So here's what's happening:

The HTTP Transport would normally retry those requests, but because they're POST requests they're not idempotent and Go conservatively assumes it might be unsafe to retry them. In fact, Go would've retried them had the server's EOF happened earlier before any bytes were written, but Go manages to write a few bytes to the server first, so Go has to assume the server acted on them.

We currently have no way to mark an *http.Request as safe to retry when it's not a GET/HEAD/OPTIONS/TRACE. I suppose we can repurpose that bug for this.

The other root cause of this bug is that CouchDB is lying and saying it'll keep the connection open but then closing it immediately, which is making Go pick a connection which is just going to hang up. Again, that's okay for GET requests (Go will retry), but not for POSTs. It's also okay when there's not a lot of traffic happening quickly, because Go will see the hangup and remove that connection from the idle pool.

Perhaps Go could also keep stats per-hostname of which servers are lying about connection keep-alives.

In any case, the error message returned here is valid and intentional. I'll send a change to update the comments on that internal error message, and we'll keep this bug open to do more in future Go releases.

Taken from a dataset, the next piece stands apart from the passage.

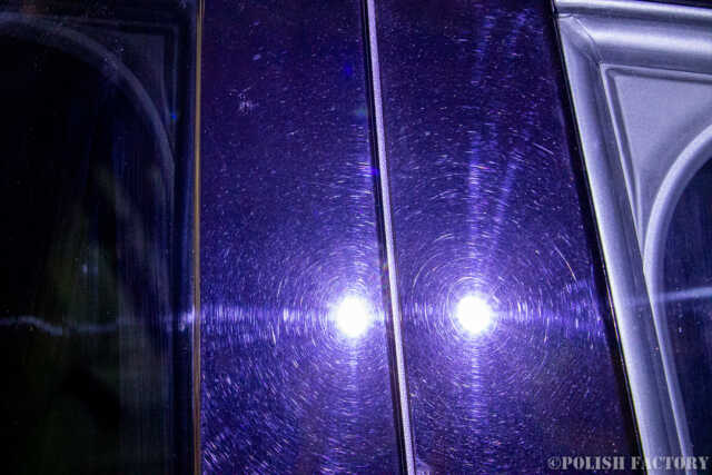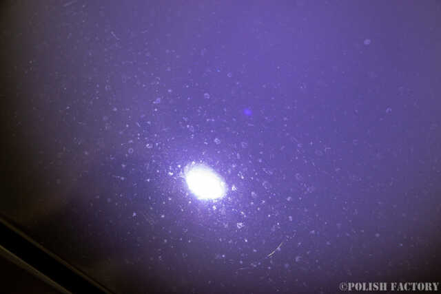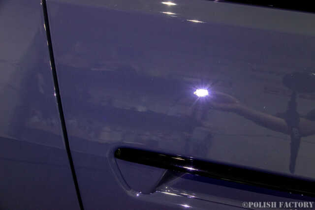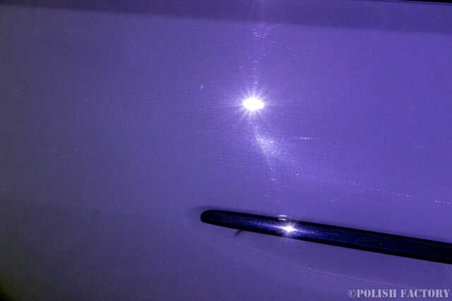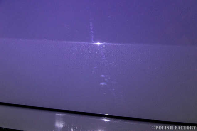 新車ではありますが、ディーラーなのかPDIなのか、いずれにしても磨かれた機械磨き修復の跡も大きく多数確認されました。昔のディーラーは一生懸命さを感じましたが、「輸入してほしい人にさっさと売って利益を上げるだけ」何かっ? という姿勢に私は大いに疑問です。

gopherbot commented 6 years ago

Change https://golang.org/cl/86375 mentions this issue: net/http: document internal error errServerClosedIdle more

iand commented 5 years ago

There seems to be a growing support for idempotency-key headers to indicate that a POST should be idempotent. Stripe, GoCardless, Worldpay and Paypal support idempotency-key and Openbanking supports x-idempotency-key. As far as I can tell there is no current effort to specify via IETF but there does seem to be convergence among financial APIs.

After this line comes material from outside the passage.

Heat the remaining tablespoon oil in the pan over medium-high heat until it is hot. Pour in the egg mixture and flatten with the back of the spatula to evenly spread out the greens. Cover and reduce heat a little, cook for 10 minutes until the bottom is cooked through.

Go could look for this header and infer that the request is intended to be idempotent.

ncw commented 5 years ago

An rclone user has been reporting this on POST-ing to the dropbox API.

I've put a work-around in for the moment.

Since errServerClosedIdle is no longer private could it be exposed? It would mean I could kill this, most hideous piece of code in the world...

// retriableErrorStrings is a list of phrases which when we find it
// in an an error, we know it is a networking error which should be
// retried.
// This is incredibly ugly - if only errors.Cause worked for all
// errors and all errors were exported from the stdlib.
var retriableErrorStrings = []string{
    "use of closed network connection", // internal/poll/fd.go
    "unexpected EOF reading trailer",   // net/http/transfer.go
    "transport connection broken",      // net/http/transport.go
    "http: ContentLength=",             // net/http/transfer.go
    "server closed idle connection",    // net/http/transport.go
bradfitz commented 5 years ago

@iand, nice! Thank you for all those links. That's the first I've heard of that and it's great to see. I've always wanted to see a header like that so I'm pleased that it both exists and is pretty widely used.

I say we make Go respect both idempotency-key and x-idempotency-key. If Go sees either, it can mark the request as retry-able.

gopherbot commented 5 years ago

Change https://golang.org/cl/147457 mentions this issue: net/http: make Transport respect {X-,}Idempotency-Key header

gopherbot commented 4 years ago

Change https://golang.org/cl/191779 mentions this issue: net/http: document additional uses of Requesty.GetBody()